2. As a CommandsSubmission batch
The whole CommandsSubmission batch will have 1 commandId - how to eliminate duplicate requests in this case?

@bernhard Any ideas on this please? Given there isn’t an identifier to uniquely identify a single Command in a CommandsSubmission batch, as per this discussion.

Is there a way the ledger’s automatic deduplication mechanism could be manually implemented? One approach we were looking at was using a single contract that stores the requestIds (commandIds) that have been successfully executed over the last week (assuming we were looking for a 1 week deduplication period)? The issue with this of course would be the contract would contain a List or Set of a few million values - I’m guessing that would exceed some sort of max contract payload size limitations or gRPC message size limits?

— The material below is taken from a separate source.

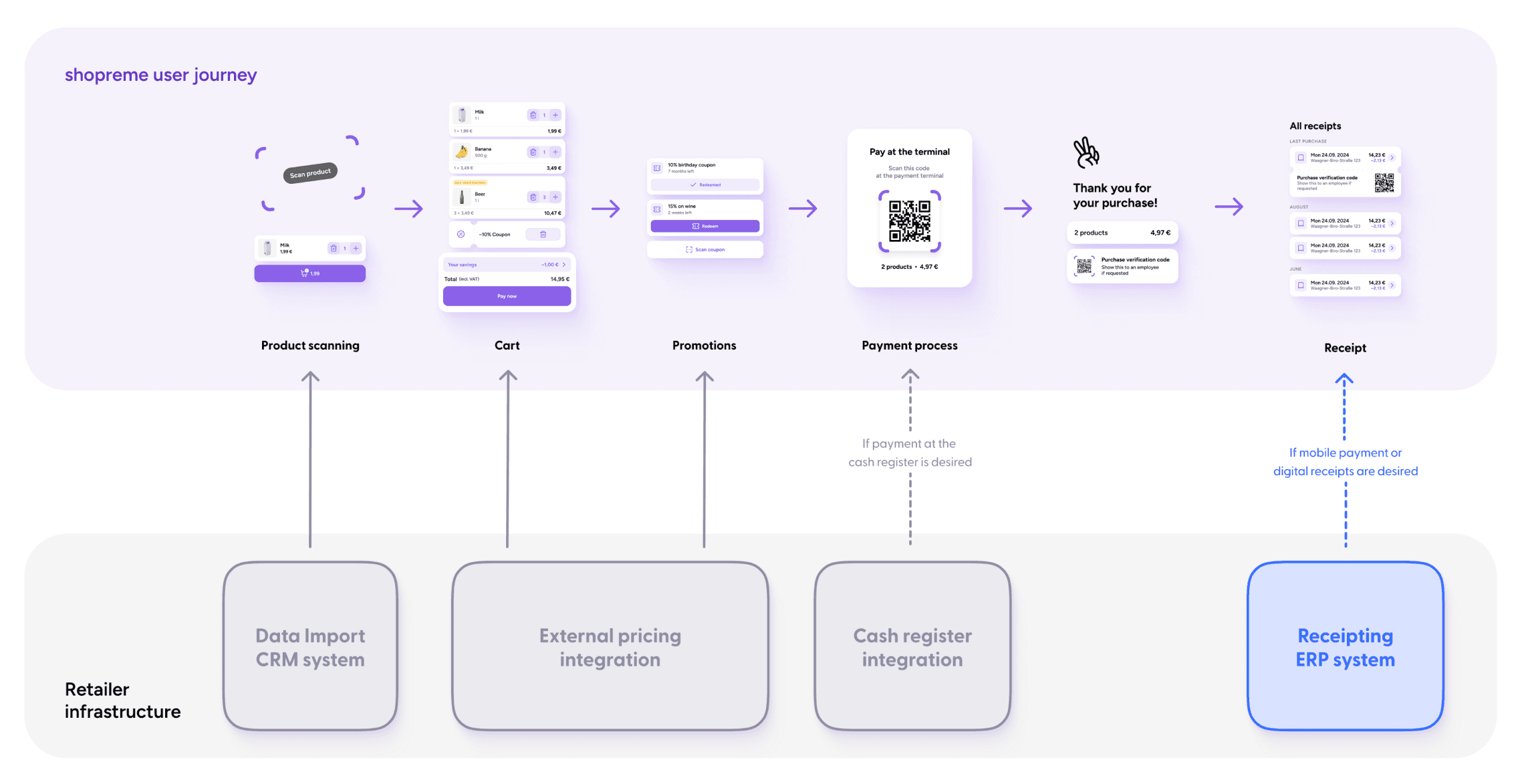 If shopreme handles payment (S&G mobile payment, or snap cart on-device NFC payment) - we integrate with your Payment Service Provider (PSP), handle the payment processing, and send the resulting transaction info (TLOG) to your ERP after every successful transaction.

Commands in a single submission batch either all succeed, or all fail. So needing deduplication on single commands cannot arise through “partial failures” of a submission.
You can allow a single submission to partially fail through exception handling. You’d be using commands that call a choice that contain a try/catch block. But in this case, your problem is no longer deduplicating commands, but deduplicating individual ledger actions - the thing you are trying to do in the try block.

Your best bet in general is to make your commands idempotent. That way you don’t need command deduplication at all. Say your request involves somewhere in the transaction the writing some contract of type Foo to ledger via a create.

template Foo
  with
    creator : Party
    payload: Text
  where
    signatory payload

template SomeOther
  ...
    nonconsuming choice Bar : ()
      controller baz
      do
        ...
        create Foo with ..

As written, calling Bar is not guaranteed to be idempotent. One way to make it idempotent is to add the requestId to Foo and create a contract key on it.

template Foo
  with
    creator : Party
    requestId : Text
    payload: Text
  where
    signatory payload
    key (creator, requestId) : (Party, Text)
    maintainer key._1


template SomeOther
  ...
    nonconsuming choice Bar : ()
      with
        ...
        requestId : Text
      controller baz
      do
        ...
        create Foo with ..

Now calling Bar with twice with the same parameters will only succeed once. But if you are prone to submitting the same command twice, the second time will fail with a contention error (DUPLICATE_KEY) and thus fail the whole batch. You are even better off putting a guard in place:

template Foo
  with
    creator : Party
    requestId : Text
    payload: Text
  where
    signatory payload
    key (creator, requestId) : (Party, Text)
    maintainer key._1

template SomeOther
  ...
    nonconsuming choice Bar : ()
      with
        ...
        requestId : Text
      controller baz
      do
        ...
        oFoo <- lookupByKey @Foo (creator, requestId)
        case oFoo of
          None -> create Foo with ..
          Some cid -> do
            debug "Ignoring requestId " <>  requestId <> ". Foo already exists."
            return cid

Now your command is idempotent and duplication is handled gracefully.

1 Like
  1. So we’re currently using DA.Validation - do you recommend using try-catch exception handling instead to be able to leverage rollbacks using the catch block?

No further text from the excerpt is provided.